CAN YOU BELIEVE THIS EGG? I am scared to crack it open for fear it is a triple yolk or something crazy like that. Poor chicken. And you know there ain't no Nubain on tap up in the coop. 

"Natural" births got nothing on, you know, Nature. 

Con muchos besos, A

Wednesday, January 18, 2012

Days of the Week Days of the Week

Happy Humpday!* My elder daughter's pre-pre-school teacher (whom I credit for every ounce of knowledge the kid has, and most of her manners) taught the kids some song about the days of the week, which imaginatively begins: "Days of the Week! Days of the Week!" I can count on Little A. singing it approximately 1000 times each Day of the Week. And then we have to play "I am the TEACHER!" during which she commands me to point to a random spot on the wall while naming the Days of the Week. Sometimes this leads to a rousing recitation of Months of the Year, or the Alphabet.

Speaking of which, I have somehow reached a point in my life where I learn about new bands through Sesame Street. Like this: 

Tilly and the Wall! So fun! Who knew? I'll have to have Little A. teach me how to use iTunes so I can buy an album. And maybe get a different song of theirs in my head, though we do look ultra cool walking through the grocery store parking lot shouting "1-2-3 APPLE!" while fake-tap-dancing.

Con muchos besos, A.

*Today I have my 6-week postpartum checkup. And while for the most part I am feeling surprisingly good, there will be NO SORT OF HUMPING today. Or in the near future. No effing way. Sorry, Tim.

Friday, January 13, 2012

She's Fresh

New year, new adventures, new baby, new new new. New virtual home.
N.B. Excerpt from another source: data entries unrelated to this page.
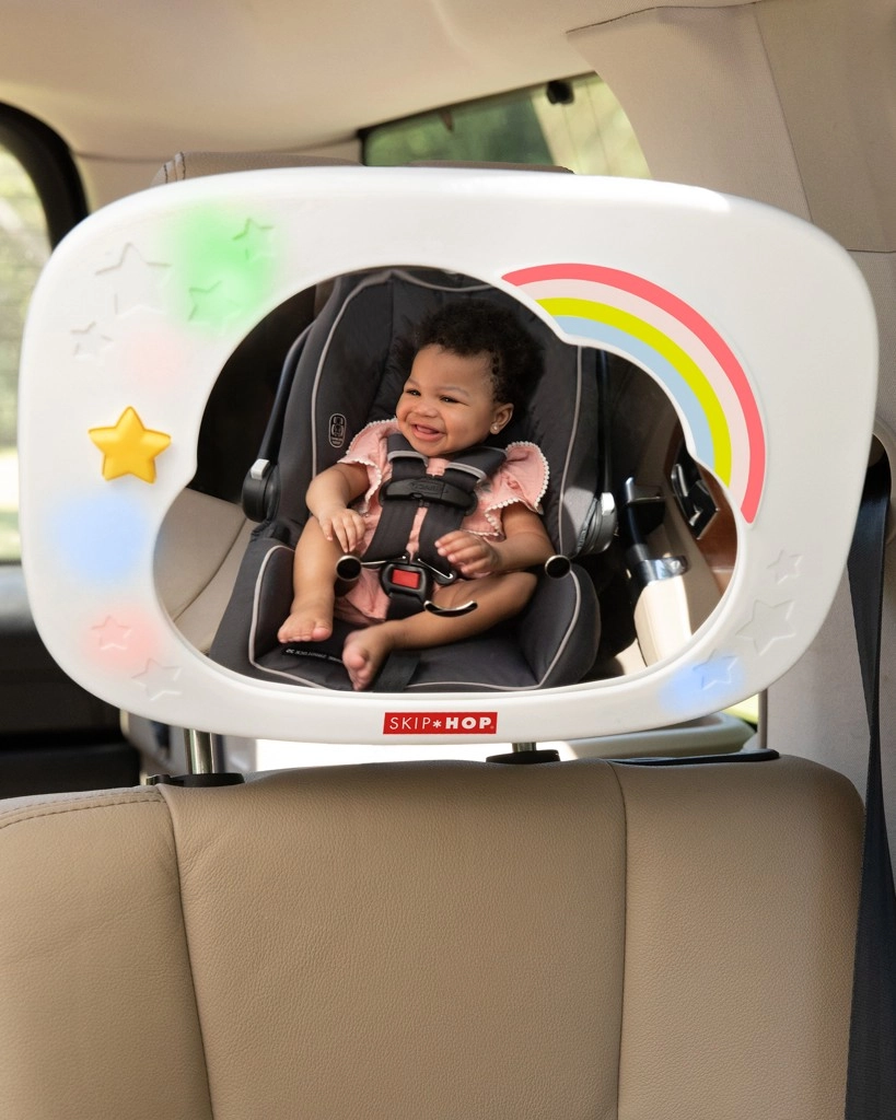 Nyd en mere afslappet køretur med det smarte bakspejl SKIP HOP Silver Lining Cloud. Den store, let buede overflade giver en bred synsvinkel til barnet i den bagudvendte autostol, mens lyseffekter, 10 melodier og 3 lyde med hvid støj sikrer mild visuel og auditiv stimulering. Alt styres bekvemt med fjernbetjeningen med klips, som kan sættes på solskærmen.
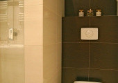 Łazienka jest  jasna i komfortowa z prysznicem, umywalką, lustrem oraz WC.
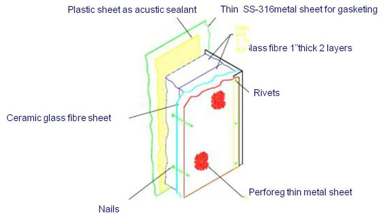 Each panel is made of different material layers, stiffened by special diamond shape bends in the metal sheet, put together by nails and rivets, the different material layers isolate noise and heat. For the windows special template glass is used and sealed by elastomeric gaskets.
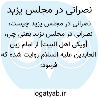 یزید: این سر حسین بن علی بن ابی طالب است، نصرانی گفت: مادرش کیست؟ یزید گفت: فاطمه دختر رسول خدا صلی الله علیه و آله و سلم!! نصرانی گفت: نفرین بر تو و بر دین تو که دین من بهتر از دین تو است زیرا میان من و حضرت داود پدران بسیاری فاصله است نصاری مرا بزرگ می شمارند و خاک زیر پای مرا به تبریک می گیرند و شما پسر دختر پیامبر خود را می کشید با این که میان شما و پیامبرتان بیش از یک مادر فاصله نیست. سپس گفت: یزید داستان کلیسای حافر را شنیده ای؟ گفت: بگو تا بشنوم، نصرانی گفت: در میان دریا جزیره ای است و در آن جزیره کلیسائی است بنام کلیسای حافر و در محراب آن حلقه ای آویزان است و در آن حقه سم درازگوشی در حریر پیچیده است که نصاری گمان می کنند سم درازگوش عیسی است و هر سال جمعیت انبوهی برای زیارت به آنجا می روند و گرد آن حلقه طواف می کنند و آن را می بوسند و حاجات خود را از خدا می خواهند، این رفتار مسیحیان است نسبت به سم درازگوش عیسی بن مریم ولی شما پسر دختر پیامبر خود را شهید می کنید.

After several years of sharing a space with my beloved co-bloggess E., it became clear (through utter dearth of content) that we had outgrown our beloved blog. Too many life changes, too much identity crisis. How could I write about breastfeeding on the same blog where I wrote about the first time I enjoyed...well...let's just leave it that it was something ADULT. 

I loved my old life, my old self. My freedom, my tiny apartment in Brooklyn. My high heels and haircuts and boy-crazy complete self-indulgence. Now I am a certified suburban mom, with two daughters, a station wagon, a mortgage, and a babydaddy boyfriend* whose laundry I refuse to put away because I ALREADY HAVE TWO KIDS YOU ARE A GROWNUP GODDAMMIT TIM.
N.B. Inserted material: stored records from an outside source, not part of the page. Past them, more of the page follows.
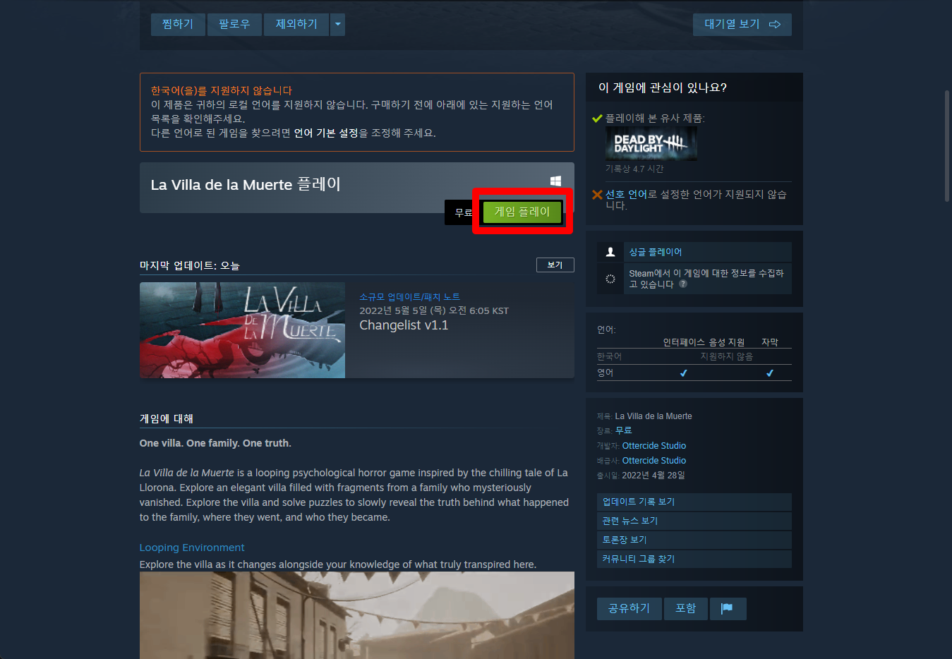 "La Villa de la Muerte" 페이지를 내려 [게임 플레이]를 클릭하면 됩니다.
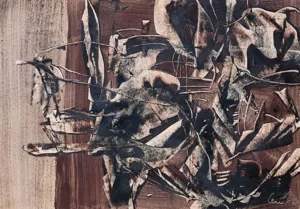 gwasz, tusz, frottage, papier - 29.2 x 41cm
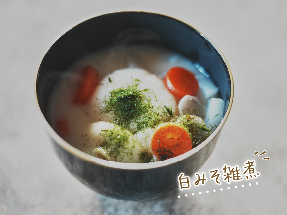 動物性のものを使用していないお野菜だけの優しい甘味に、白味噌のまろやかさで、ほっこり心もおなかも癒される味わい。トッピングは青のり(あおさ)で香りをプラスするのがおすすめです。京都をはじめとする地域では白みそのお雑煮が親しまれており、香川県では、あんこ入りのお餅を使うのが特徴です。
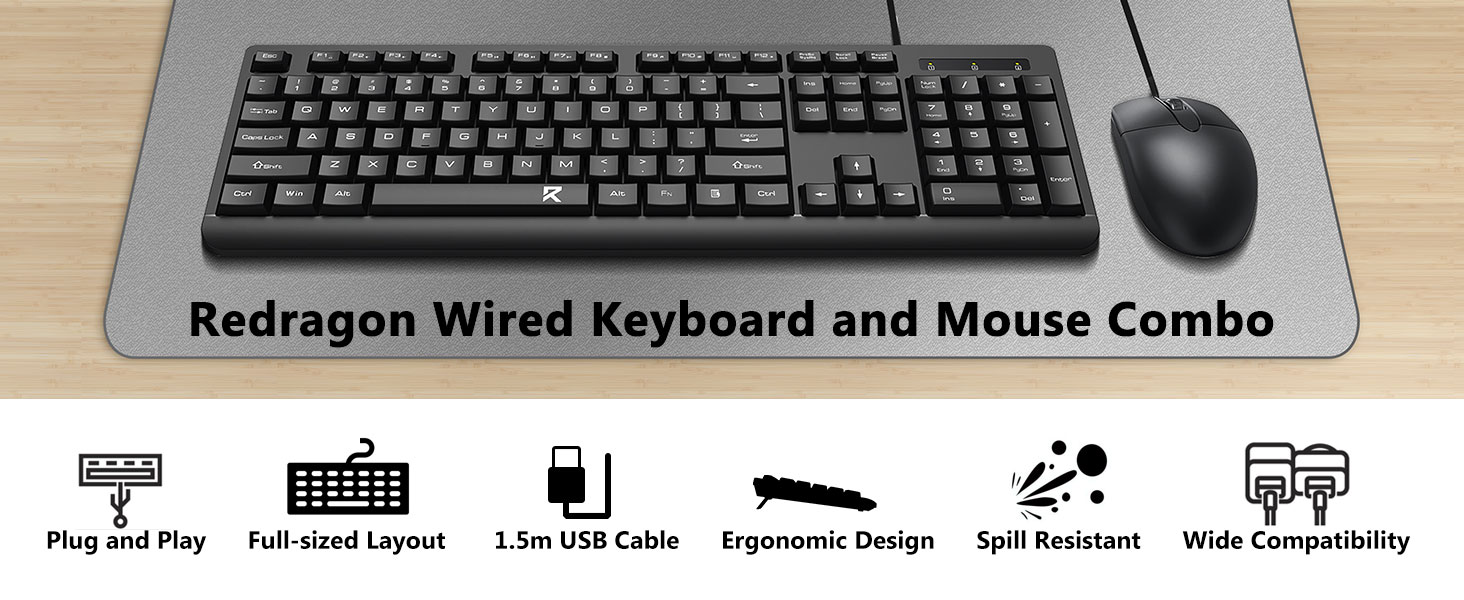 ब्लैक BC7543 वायर्ड कीबोर्ड और माउस कॉम्बो दस्तावेज़ संपादन, प्रोग्रामिंग, ईमेल संचार और कार्यालय प्रबंधन जैसे कार्यों के लिए कुशल टाइपिंग प्रदर्शन का समर्थन करता है।
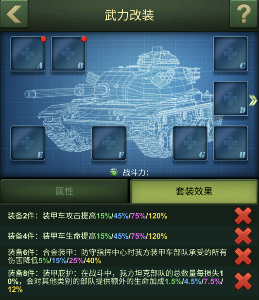 1.每个兵种对应一页武力改装,每页武力改装有八个图纸放置位,在不同放置位装配改装图纸可以为长官的部队提供强力属性增益
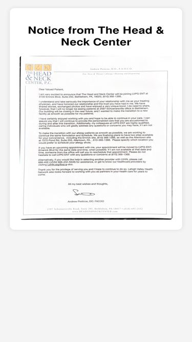 62%the head and neck center, pc are ent doctors in bethlehem and allentown, pa that provides the best care for sinusitis, allergies, and hearing loss. call today!
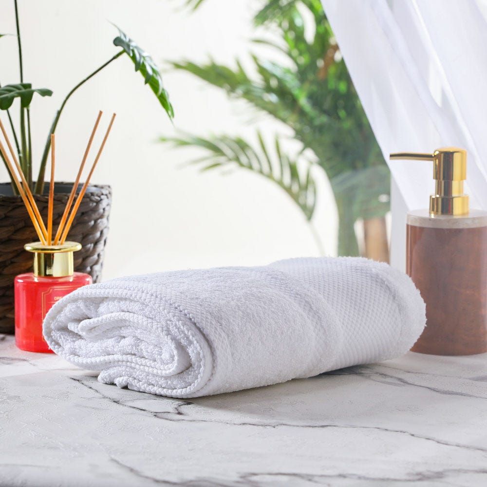The product Derby Bath Towel 140x70 Cm White images have props used for illustrative purposes. Product Color may vary slightly due to photographic lighting or your screen settings.
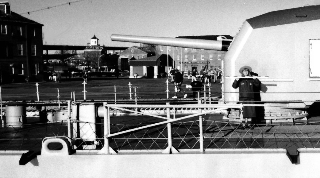 schwarzweiße Foto zeigt einen "Kranarm" kurz hinter dem achteren 127-mm-Turm.
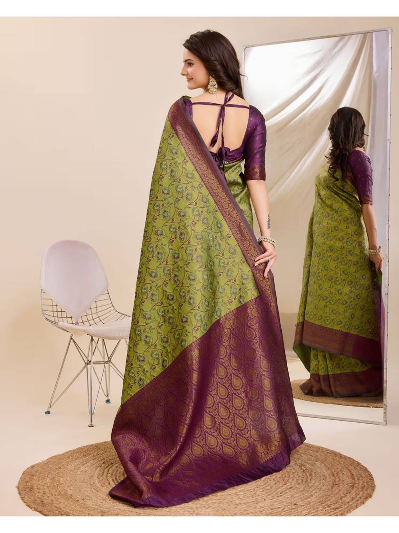 Mehendiwine soft art silk blend banarasi jacuard work designer party wear saree with unstitched blouse piece
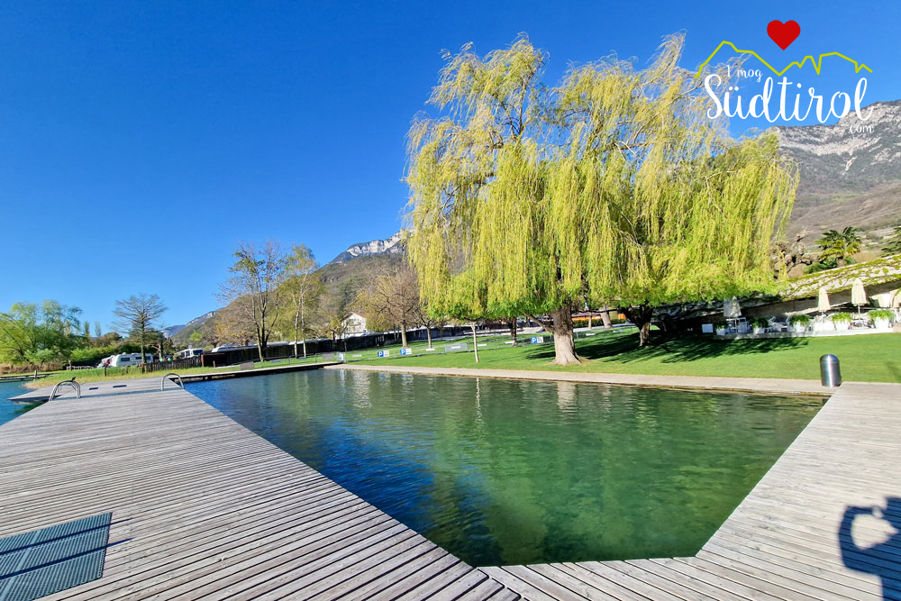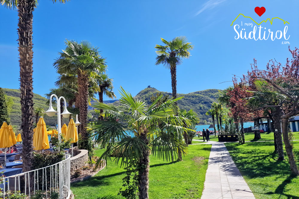Vom Aussichtspunkt aus setzen wir unsere Wanderung fort und passieren das Parc Hotel Am See. Von dort aus genossen wir erneut den wunderschönen Blick auf den Kalterer See sowie auf den imposanten Penegal, der majestätisch über der Landschaft thronte. Unsere Route führte uns weiter durch Apfelplantagen und malerische Rebanlagen, die die Umgebung prägten. Auf unserem Weg kamen wir am Restaurant Pizzeria Geier vorbei und schließlich erreichten wir das Lido am See, ein öffentliches Schwimmbad direkt am Ufer des Kalterer Sees.

So, let's pile on to this mommyblogger thing, shall we? If I am not sponsored by Pampers before this quarter is over, THEIR LOSS. Cause you bet I am gonna get all up in your face with baby poop and other fascinating shit.


You betcha.

Con Muchos Besos, A. 

*can someone please invent a better term for a non-married coparent? Boyfriend sounds too frivilous. PARTNER sounds too business-y. Sometimes I just say "husband" and feel like I am getting away with something slightly naughty. So. Any suggestions?